Quando o governo gasta mais do que arrecada, ele precisa financiar este déficit por meio de empréstimos, que são representados pela emissão de títulos públicos. E esse financiamento contém juros, que são representados pela taxa de juros \(i_t\). Portanto ao longo do tempo, a dívida pública é representada pelo resultado primário mais os juros da dívida anterior, conforme a Equação 3.
\[ Divida_t = (1 + i_{t-1}) Divida_{t-1} + (G_t - R_t) \tag{3}\]
Dívida Pública como Proporção do PIB
A dívida pública como proporção do PIB é representada pela Equação 4, que é a razão entre a dívida pública e o PIB.
\[ DividaPIB_t = \frac{Divida_t}{PIB_t} = (1 + i_{t-1}) \frac{PIB_{t-1}}{PIB_t} \frac{Divida_{t-1}}{PIB_{t-1}} + \frac{G_t - R_t}{PIB_t} \tag{4}\]
Assumindo que o PIB cresce a uma taxa constante \(g\), podemos representar 1 a dívida sobre o PIB em função dos juros dos títulos públicos, da taxa de crescimento do PIB e do resultado primário, conforme a Equação 5.
\[ \frac{PIB_{t-1}}{PIB_t} = 1 + g \implies DividaPIB_t = \frac{1 + i_t}{1 + g} DividaPIB_{t-1} + \frac{G_t - R_t}{PIB_t} \tag{5}\]
Visando analisar a evolução da dívida em termos dos juros (\(i_t\)), da taxa de crescimento do PIB (\(g\)) vamos considerar que o resultado primário é nulo (\(G_t - R_t = 0\)), ou seja, o governo não gasta mais do que arrecada. Neste caso, temos a Equação 6, que representa a evolução da dívida pública como proporção do PIB.
\[ DividaPIB_t = \frac{1 + i_t}{1 + g} DividaPIB_{t-1} \tag{6}\]
Avaliando os juros e a taxa de crescimento do PIB, temos 3 cenários possíveis:
- Ineficiência Dinâmica: \(i < g\), em que a dívida pública diminui ao longo do tempo, uma vez que os juros são menores que a taxa de crescimento do PIB. Nesse caso, o governo consegue pagar sua dívida com o tempo.
- Sustentabilidade: \(i = g\), onde a dívida pública permanece constante ao longo do tempo, já que os juros igualam a taxa de crescimento do PIB. Assim, a dívida cresce na mesma proporção do PIB, mantendo sua relação constante.
- EFiciência Dinâmica: \(i > g\), em que a dívida pública cresce indefinidamente, uma vez que os juros superam a taxa de crescimento do PIB, tornando a trajetória da dívida insustentável.
O conceito de ineficiência dinâmica parece um pouco contraditório, pois no limite a dívida sobre o PIB tende a zero, o que significa que o governo não terá mais dívida.
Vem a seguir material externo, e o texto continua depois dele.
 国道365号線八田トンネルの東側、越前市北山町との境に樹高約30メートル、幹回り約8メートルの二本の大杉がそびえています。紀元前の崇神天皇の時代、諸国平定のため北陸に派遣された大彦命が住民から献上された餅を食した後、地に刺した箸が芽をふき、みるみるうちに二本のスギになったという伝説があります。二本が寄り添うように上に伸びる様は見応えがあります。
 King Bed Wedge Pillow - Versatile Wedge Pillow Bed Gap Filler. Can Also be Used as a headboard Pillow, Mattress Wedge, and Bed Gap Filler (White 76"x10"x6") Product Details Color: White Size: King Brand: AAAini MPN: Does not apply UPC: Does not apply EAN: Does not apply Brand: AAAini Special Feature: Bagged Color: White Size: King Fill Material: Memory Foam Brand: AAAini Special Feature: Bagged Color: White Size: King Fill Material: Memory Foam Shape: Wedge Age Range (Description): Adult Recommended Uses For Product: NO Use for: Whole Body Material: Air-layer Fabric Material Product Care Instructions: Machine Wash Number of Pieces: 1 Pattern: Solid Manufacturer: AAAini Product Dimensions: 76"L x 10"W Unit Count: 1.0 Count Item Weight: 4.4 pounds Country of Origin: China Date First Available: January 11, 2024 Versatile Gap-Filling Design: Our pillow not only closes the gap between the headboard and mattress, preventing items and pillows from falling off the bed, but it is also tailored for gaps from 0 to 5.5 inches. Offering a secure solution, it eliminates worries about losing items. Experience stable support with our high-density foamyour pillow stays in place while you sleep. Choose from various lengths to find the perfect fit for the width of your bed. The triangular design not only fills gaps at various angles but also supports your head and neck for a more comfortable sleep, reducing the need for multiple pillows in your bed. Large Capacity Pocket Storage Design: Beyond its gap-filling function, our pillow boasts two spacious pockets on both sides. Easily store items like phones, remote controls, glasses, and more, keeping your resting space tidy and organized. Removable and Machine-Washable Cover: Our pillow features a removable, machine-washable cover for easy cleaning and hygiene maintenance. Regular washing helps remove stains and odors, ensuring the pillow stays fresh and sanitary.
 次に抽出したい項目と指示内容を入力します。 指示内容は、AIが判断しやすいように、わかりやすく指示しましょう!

Mas sem dívida, significa que o governo não está mais realizando investimentos em projetos de longo prazo, que são benéficos para as gerações futuras. Portanto, o governo não deve focar em acumlar capital no presente, mas sim em realizar investimentos que gerem um aumento de produtividade no futuro.
Qual é o nível ideal de dívida pública?
Para entender qual é o nível ideal da dívida é necessário entender as depesas do governo, que podem ser divididas em 2 categorias:
- Despesas Correntes: são as despesas que o governo tem com a manutenção da máquina pública, como pagamento de salários, manutenções de infraestrutura, etc.
- Despesas de Capital: são as despesas que o governo tem com investimentos, como obras de infraestrutura, construção de escolas, etc.
Para o bem das futuras gerações, de acordo com a regra de ouro 2, o governo não deve financiar suas despesas correntes com dívida, pois isso significa que as gerações futuras terão que pagar por despesas que não foram feitas em seu benefício. Portanto, o governo deve financiar suas despesas correntes com receitas correntes, como impostos e contribuições sociais.
Do ponto de vista de juros e crescimento, o cenário ideal é que os investimentos feitos hoje gerem um aumento de produtividade no futuro, de forma que o crescimento do PIB seja maior que os juros da dívida. Neste caso, o governo pode financiar seus investimentos com dívida, pois as gerações futuras terão um ganho de produtividade para pagar a dívida, ou seja, no longo prazo a dívida é sustentável.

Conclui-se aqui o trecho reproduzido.